* **Exercise goal**: Please repeat, exactly and without pictures, the lines of the entries below that run from the one containing "Linky Map menawarkan" through the one containing "商品名称:【蕾丝薄杯】侧收副".

--- Information ---

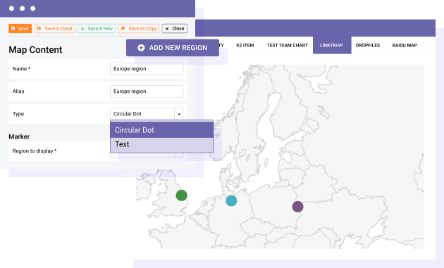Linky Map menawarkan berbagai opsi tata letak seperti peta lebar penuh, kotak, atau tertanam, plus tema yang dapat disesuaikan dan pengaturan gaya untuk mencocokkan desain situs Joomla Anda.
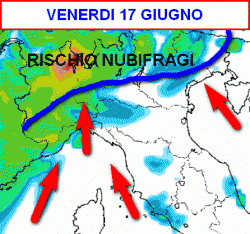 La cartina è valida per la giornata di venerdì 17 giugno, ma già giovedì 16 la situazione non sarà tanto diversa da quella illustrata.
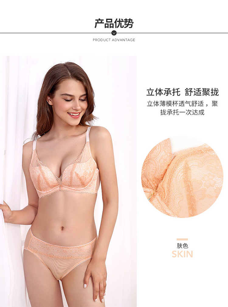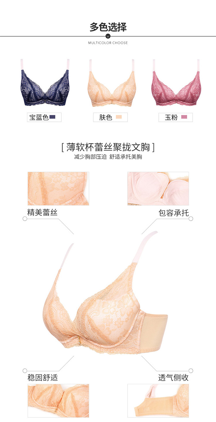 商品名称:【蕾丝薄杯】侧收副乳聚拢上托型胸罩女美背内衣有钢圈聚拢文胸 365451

---
--- Information ---

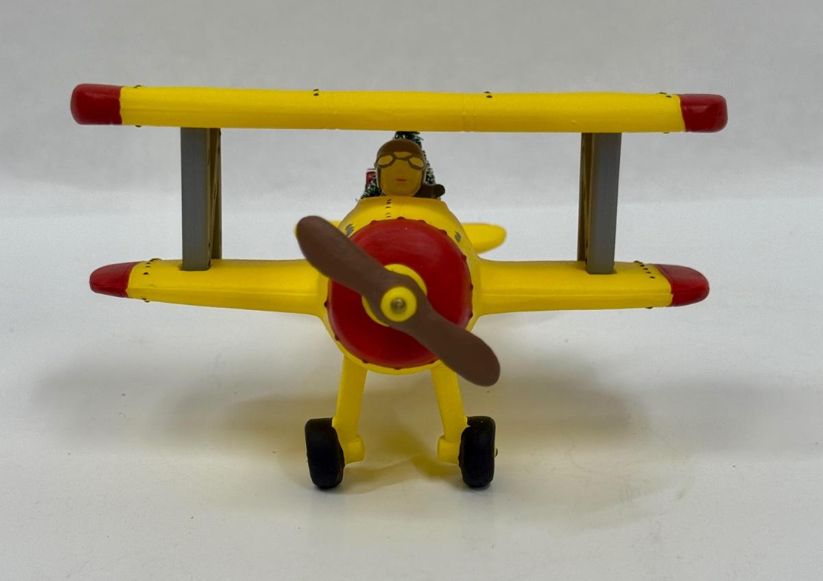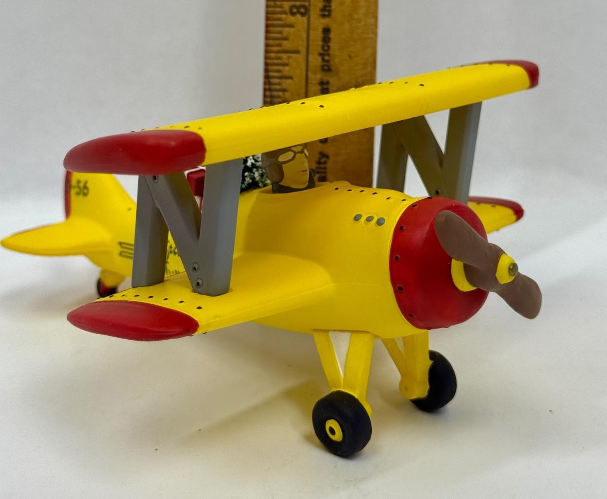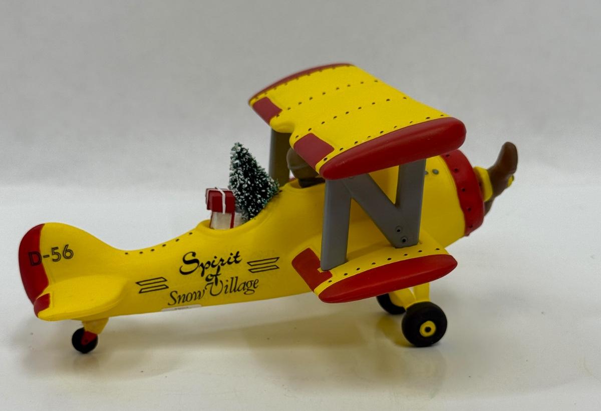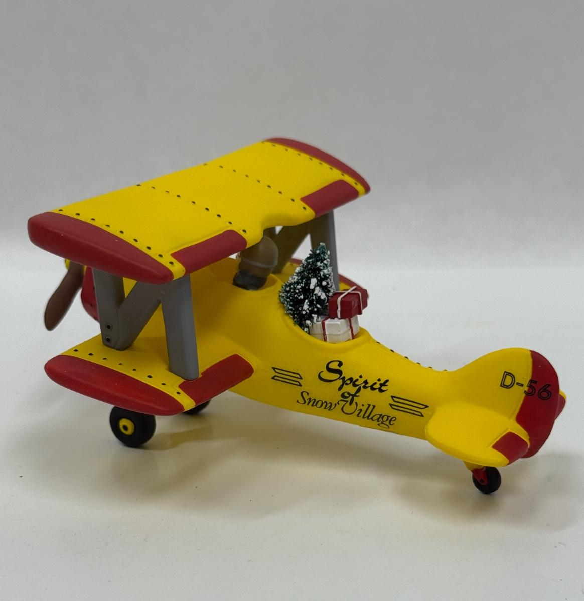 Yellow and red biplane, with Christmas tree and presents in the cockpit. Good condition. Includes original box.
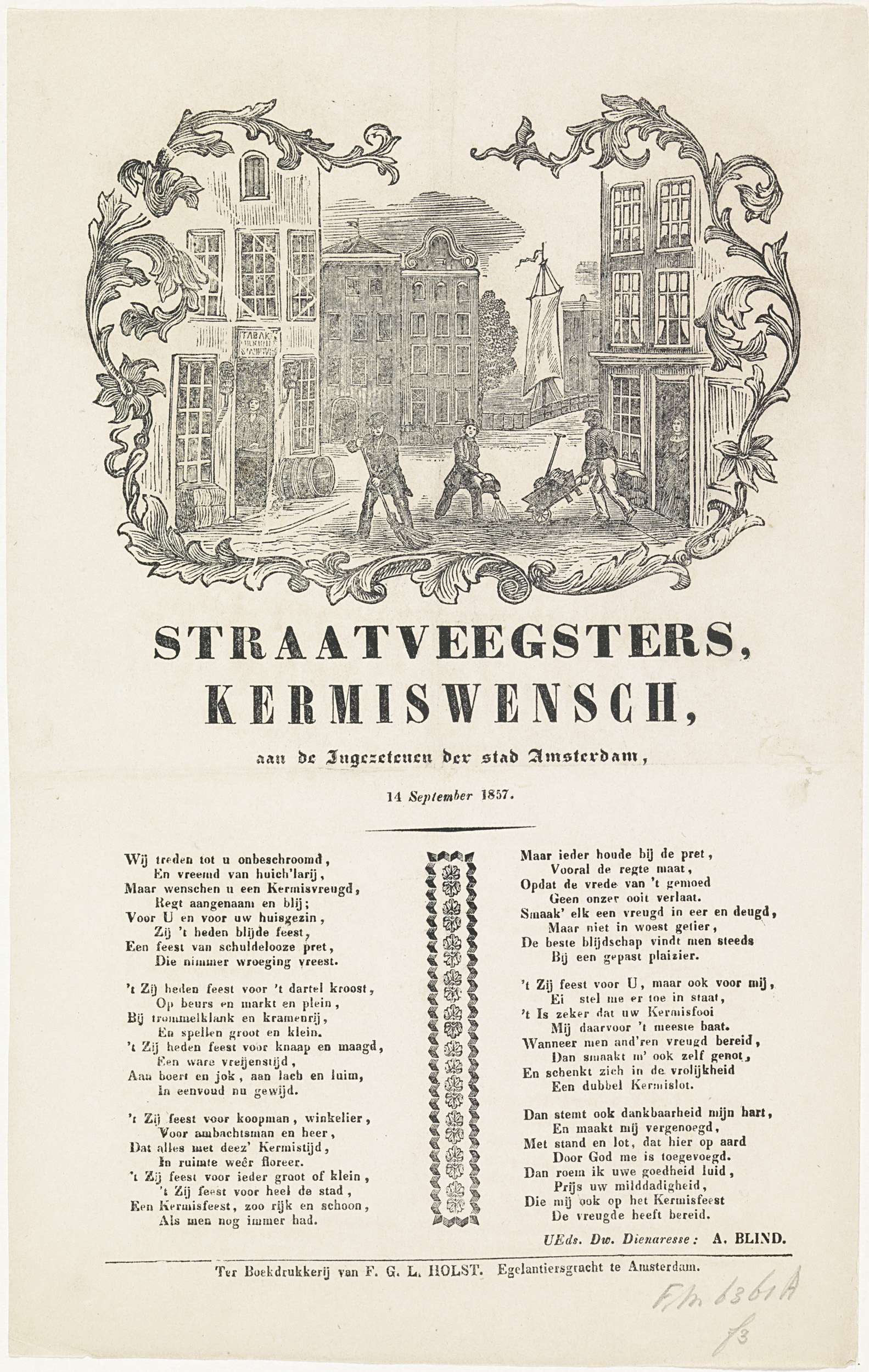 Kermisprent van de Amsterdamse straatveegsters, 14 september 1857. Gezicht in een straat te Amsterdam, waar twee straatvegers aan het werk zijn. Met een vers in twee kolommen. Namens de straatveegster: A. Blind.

---
--- Information ---

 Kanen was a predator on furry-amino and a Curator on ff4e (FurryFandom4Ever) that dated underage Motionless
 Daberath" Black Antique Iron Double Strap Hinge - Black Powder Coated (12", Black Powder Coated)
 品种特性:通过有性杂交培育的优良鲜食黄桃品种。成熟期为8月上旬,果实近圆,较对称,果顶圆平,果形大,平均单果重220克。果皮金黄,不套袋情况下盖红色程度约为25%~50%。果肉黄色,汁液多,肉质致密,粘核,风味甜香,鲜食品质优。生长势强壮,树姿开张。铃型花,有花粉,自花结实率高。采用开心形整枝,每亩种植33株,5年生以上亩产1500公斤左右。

---

* **Result of this exercise**:
Linky Map menawarkan berbagai opsi tata letak seperti peta lebar penuh, kotak, atau tertanam, plus tema yang dapat disesuaikan dan pengaturan gaya untuk mencocokkan desain situs Joomla Anda.
 La cartina è valida per la giornata di venerdì 17 giugno, ma già giovedì 16 la situazione non sarà tanto diversa da quella illustrata.
 商品名称:【蕾丝薄杯】侧收副乳聚拢上托型胸罩女美背内衣有钢圈聚拢文胸 365451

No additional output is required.